Could future greenhouse gas-induced global warming push the Earth’s climate system into an unstable mode, triggering a catastrophic meltdown of the polar ice sheets? Would major coastal cities with millions of inhabitants, like New York City, Los Angeles, London, Tokyo, Shanghai, Hong Kong, Mumbai (Bombay), Bangkok, to name just a few, be inundated and rendered uninhabitable? As of 2005, around 40 million city dwellers worldwide were vulnerable to the 1-in-100 year flood (i.e., a coastal flood having a 1 percent chance of occurring in any given year). In the United States (excluding the Great Lakes), 8.4 million people (or approximately 3 percent of the 2000 population) live within the 1-in-100 year flood zone. Even today, many coastal residents face flood hazards from major storms, such as Sandy. As sea level rises, the surges unleashed by large cyclones will reach higher and penetrate further inland. In addition, the strength, if not frequency, of such extreme meteorological events could also magnify in a warmer world.

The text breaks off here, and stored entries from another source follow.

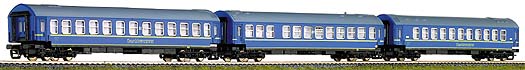 | set tří modrých rychlíkových vozů "Touristenexpress" |
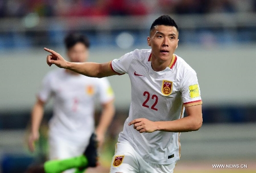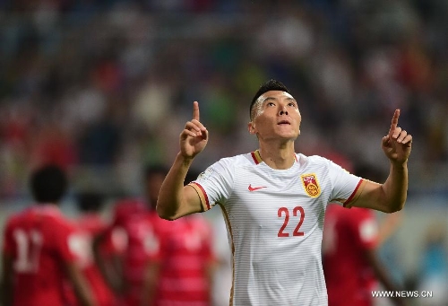 China's Yu Dabao celebrates scoring during the 2018 FIFA World Cup qualifying match against the Maldives at Shenyang Olympic Center stadium in Shenyang, capital of northeast China's Liaoning Province, Sept. 8, 2015. China won the match 3-0. (Xinhua/Yang Qing)
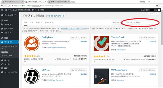 24.プラグインを追加の画面になりますので、「プラグインを検索」のところに「Search Regex」と入力します。
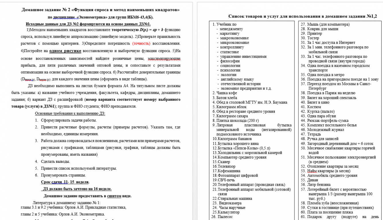 Для студентов МГТУ им. Н.Э.Баумана по предмету ЭконометрикаДомашнее задание №2 на тему: Функция спроса и метод наименьших квадратовДомашнее задание №2 на тему: Функция спроса и метод наименьших квадратов
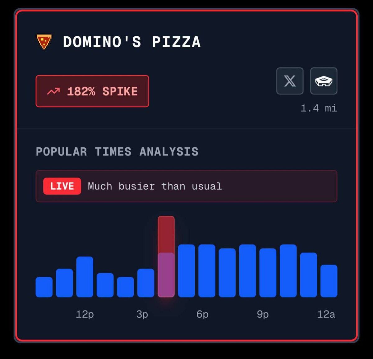 Это популярная метрика, по которой отслеживают загруженность военных: если в ближайшей к Пентагону пиццерии много заказов, значит, военные США заняты подготовкой большой операции. ⚡️Молния. Все новости тут!
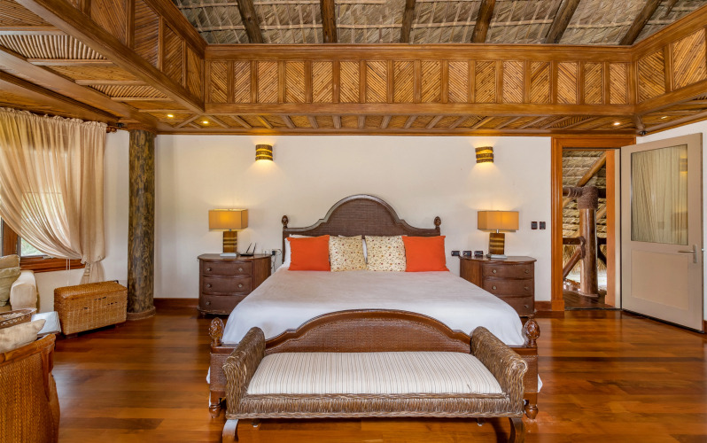 На втором этаже находится главная спальня с двуспальной кроватью, телевизором, зоной отдыха с диваном, сводчатыми потолками с потолочным вентилятором, кондиционером, шкафом, ванной комнатой с душем. В этой спальне есть собственный балкон.
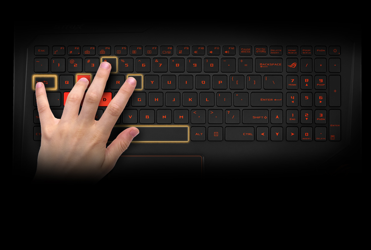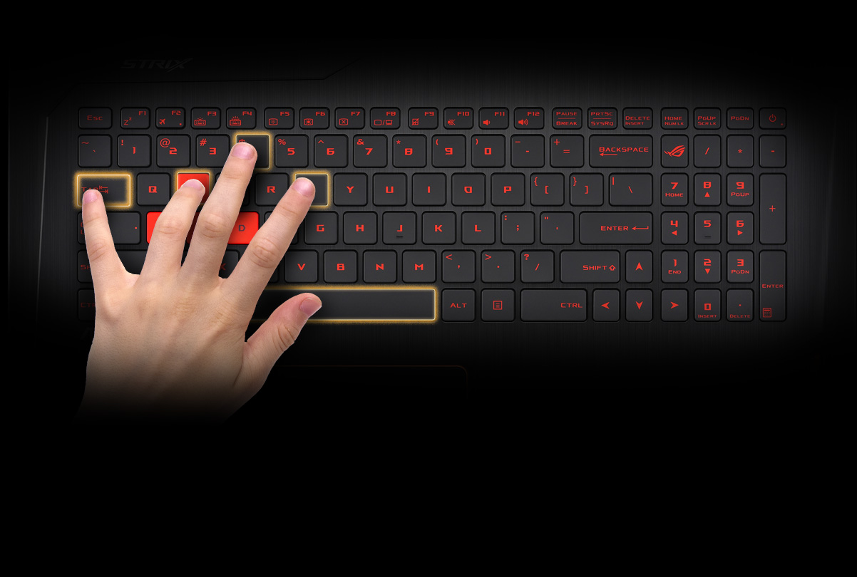 ROG Strix GL702VS Asus'a özel Overstroke teknolojisi klavye ile gelir ve tarz sahibi kırmızı arka aydınlatması, özel olarak tasarlanmış WASD tuşlarına ve 1.6mm hareket mesafesine sahiptir. Mühendislik ekiplerimiz klavyelerimizi en yüksek dayanıklılık için titizlikle test eder. Sonuç: 10 Milyona varan vuruşa dayanıklı tuş ömrü.
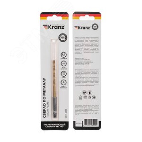 Сверло по металлу, 4,2 мм, Р6М5, ТИТАН, шестигранный хвостовик (1 шт. в упаковке) DIN 338
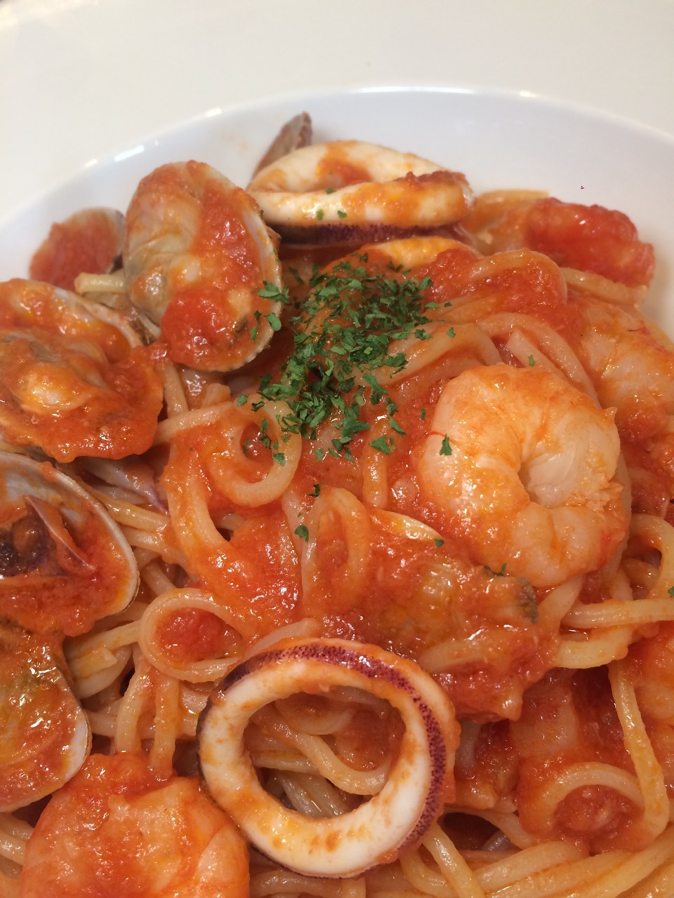 パスタに、海老や貝などの魚介類を煮込んでトマトソースをからめた料理。
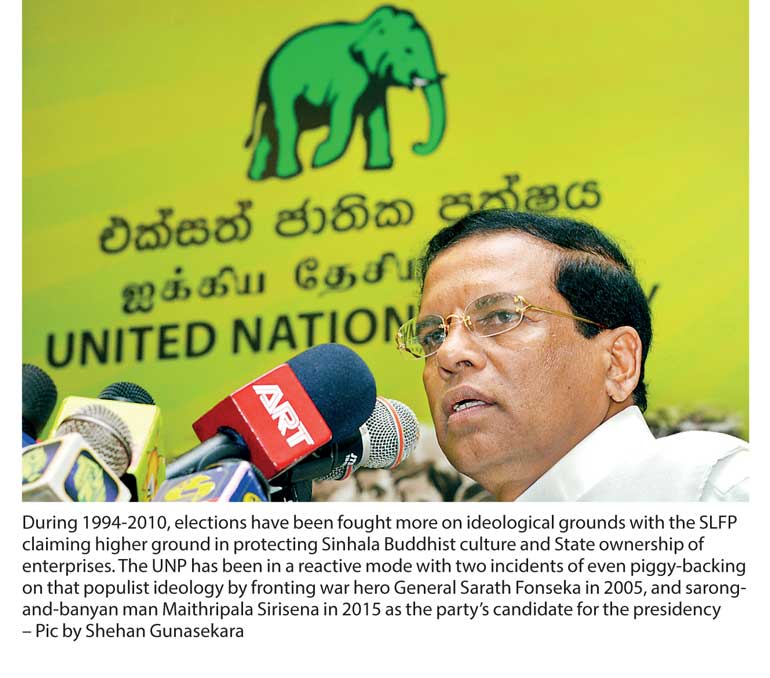 During 1994-2010, elections have been fought more on ideological grounds with the SLFP claiming higher ground in protecting Sinhala Buddhist culture and State ownership of enterprises. The UNP has been in a reactive mode with two incidents of even piggy-backing on that populist ideology by fronting war hero General Sarath Fonseka in 2005, and sarong-and-banyan man Maithripala Sirisena in 2015 as the party’s candidate for the presidency.

Recent observations of Greenland and the West Antarctic Ice Sheet raise concerns for the future. Satellites detect a thinning of parts of the Greenland Ice Sheet particularly at lower elevations, and glaciers are disgorging ice into the ocean more rapidly. Even parts of the West Antarctic Ice Sheet are showing some signs of thinning. The Greenland and West Antarctic Ice sheets, if melted completely, contain enough ice to raise sea level by 23 and 10 feet (7 and 3m), respectively. It would take a global temperature rise of only 1.4-6F (0.8-3.2ºC) to destabilize Greenland irreversibly. These temperatures lie within the range of several future climate projections for the 21st century. Nonetheless, any significant meltdown would take many centuries. Furthermore, even with possible future accelerated discharge from the West Antarctic Ice Sheet, it highly unlikely that future annual rates of sea level rise would exceed those of the major post-glacial meltwater pulses.

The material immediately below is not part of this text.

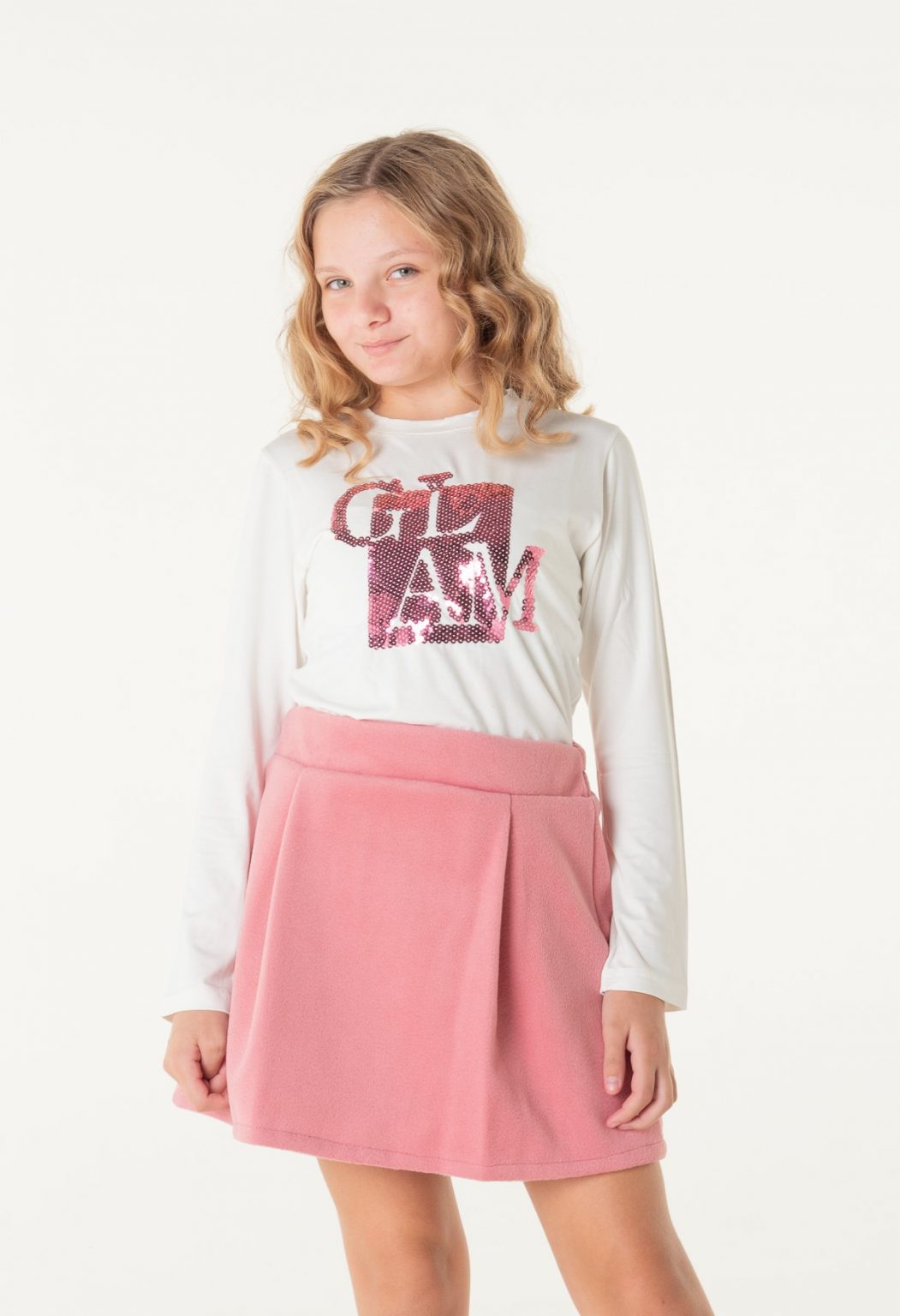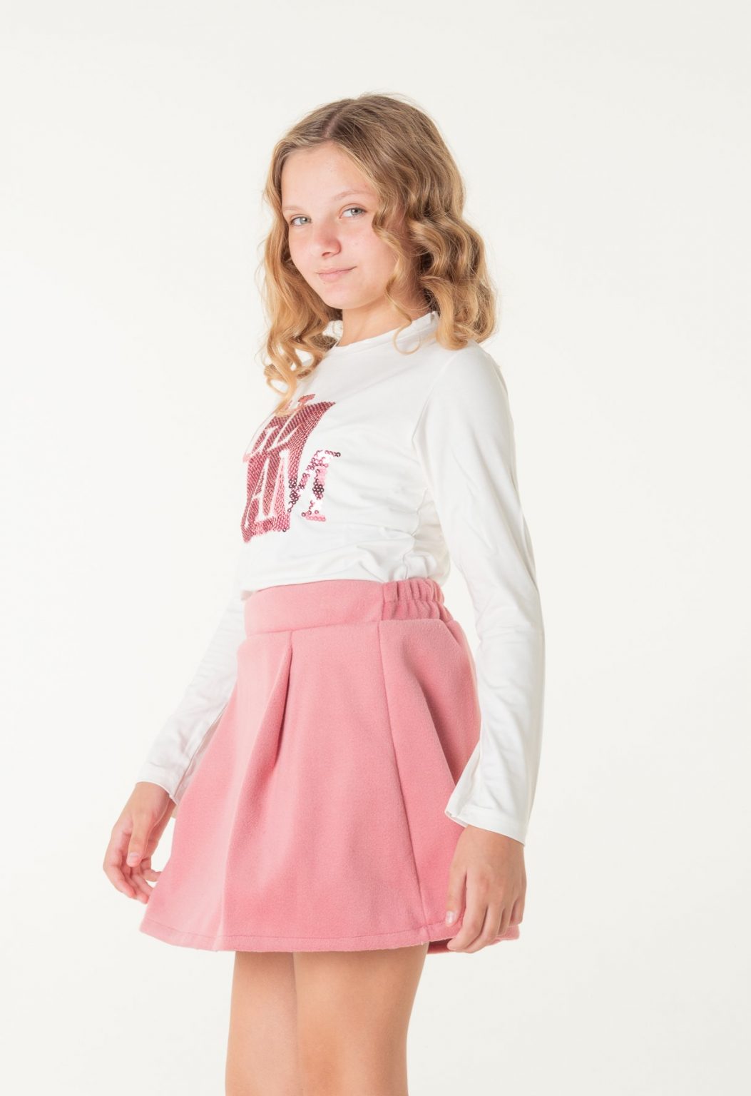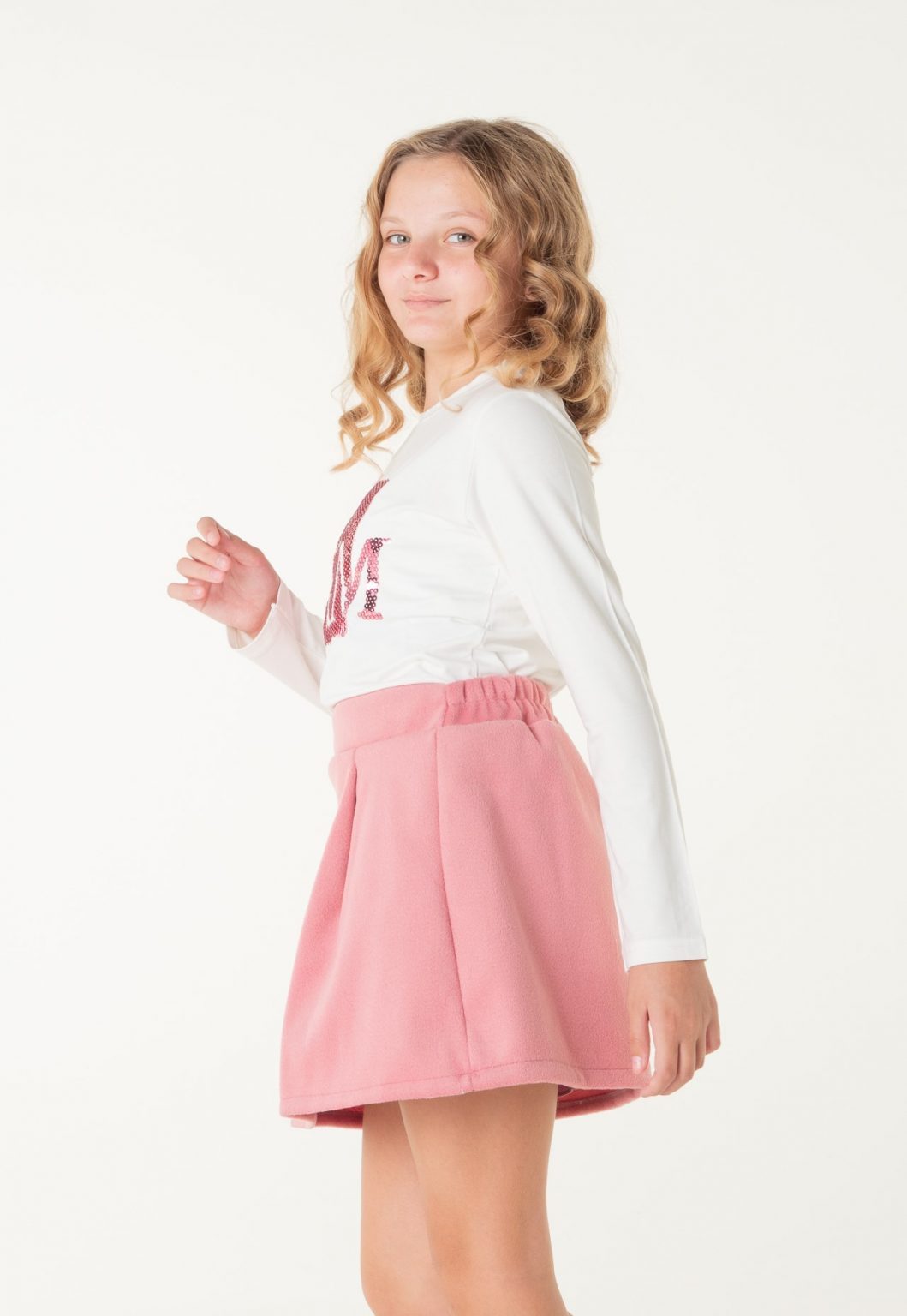 Φούστα με πιέτες φερμουάρ πίσω και λάστιχο 3 cm στην μέση ροζ χρώμα

While a major destabilization of the polar ice sheets appears unlikely within the next century or two, it cannot be ruled out entirely. Therefore, a certain sense of urgency motivates us to learn more about the causes and consequences of sea level rise and begin preparations for the future. Rising Seas: Past Present, Future addresses these issues and enables us to comprehend why sea level rise truly matters. The recent climate and sea level trends reinforce the book’s conclusions that we are moving toward an increasingly warmer and, quite likely, a more aquatic planet. We do well to take heed and begin preparations to stem the oncoming tide.